GatorTron models perform better in understanding and utilizing patient information in clinical narratives, which can be applied to various medical AI systems to improve healthcare delivery and patient outcomes. The rich, fine-grained patients’ information captured in clinical narratives is a critical resource powering medical AI systems. With better performance in information extraction tasks (e.g., clinical concept extraction and medical relation extraction), GatorTron models can provide more accurate patients’ information to identify research-standard patient cohorts using computable phenotypes, support physicians making data-informed decisions by clinical decision support systems, and identify adverse events associated with drug exposures via pharmacovigilance. The significant improvements in semantic textual similarity, natural language inference, and medical question answering can be applied for deduplication of clinical text, mining medial knowledge, and developing next-generation medical AI systems that can interact with patients using human language. The emergence and homogenization abilities³⁴ inherited from a large transformer architecture make it convenient to apply GatorTron to many other AI tasks through fine-tuning.
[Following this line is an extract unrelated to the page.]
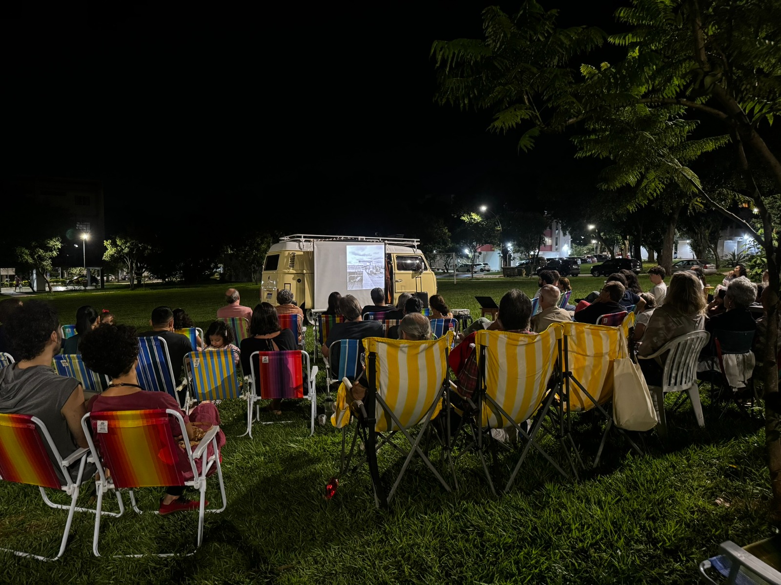 O Cine Pipoca no Rolê, projeto de extensão do curso de Audiovisual da Universidade de Brasília (UnB), encontrou formas de fazer o cinema brasileiro circular pelas cidades. Com uma Kombi-casa equipada, cadeiras de praia e esforço coletivo, a iniciativa vai às Regiões Administrativas do Distrito Federal e exibe filmes gratuitamente. Em dois anos de encontros presenciais, já foram realizadas 11 sessões ao ar livre, impactando mais de 600 pessoas.

We believe that GatorTron will improve the use of clinical narratives in developing various medical AI systems for better healthcare delivery and health outcomes.

Methods

Data Source

The primary data source for this study is the clinical narratives from UF Health IDR, a research data warehouse of UF Health. We collected a total of 290,482,002 clinical notes from 2011-2021 from over 2 million patients and 50 million encounters. After removing empty notes and duplicated notes, we generated a UFHealth clinical corpus with over 82 billion tokens. Then, we merged the UFHealth clinical corpus with three additional corpora, including the MIMIC-III corpus³⁹ in the clinical domain with 0.5 billion words, a PubMed (combining PubMed abstracts and full-text commercial-collection) collection³⁷ in the biomedical domain with 6 billion words, and a Wikipedia articles dump³⁷ in the general domain with 2.5 billion words, to generate a corpus with >90 billion words. We performed minimal preprocessing including tokenization and sentence boundary detection.

Study design

We seek to train a large clinical transformer model, GatorTron, using >90 billion words and examine how and whether scaling up mode size improves model performance on clinical NLP tasks. Following standard practice, we first pretrained GatorTron using the >90 billion words as an unsupervised learning procedure and then applied GatorTron to 5 different clinical NLP tasks using a supervised fine-tuning procedure. We adopted the BERT architecture implemented in MagaTron-LM and explored three different settings including a base model of 345 million parameters (i.e., GatorTron-base), a medium model of 3.9 billion parameters (i.e., GatorTron-medium), and a large model of 8.9 billion parameters (i.e., GatorTron-large). Then we compared the three GatorTron models to an existing transformer model from the clinical domain, ClinicalBERT (trained with 110 million parameters) and two transformer models from the biomedical domain, including, BioBERT (345 million parameters) and BioMegatron (1.2 billion parameters). We examined the models on 5 clinical NLP tasks, including clinical concept extraction, relation extraction, semantic textual similarity, natural language inference, and medical question answering. We used 6 public benchmark datasets in the clinical domain.

Training environment

We used a total number of 992 Nvidia DGX A100 GPUs from 124 superPOD nodes at UF’s HiperGator-AI cluster to train GatorTron models by leveraging both data-level and model-level parallelisms implemented by the Megatron-LM package⁴⁶. We monitored the training progress by training loss and validation loss and stopped the training when there was no further improvement (i.e., the loss plot became flat).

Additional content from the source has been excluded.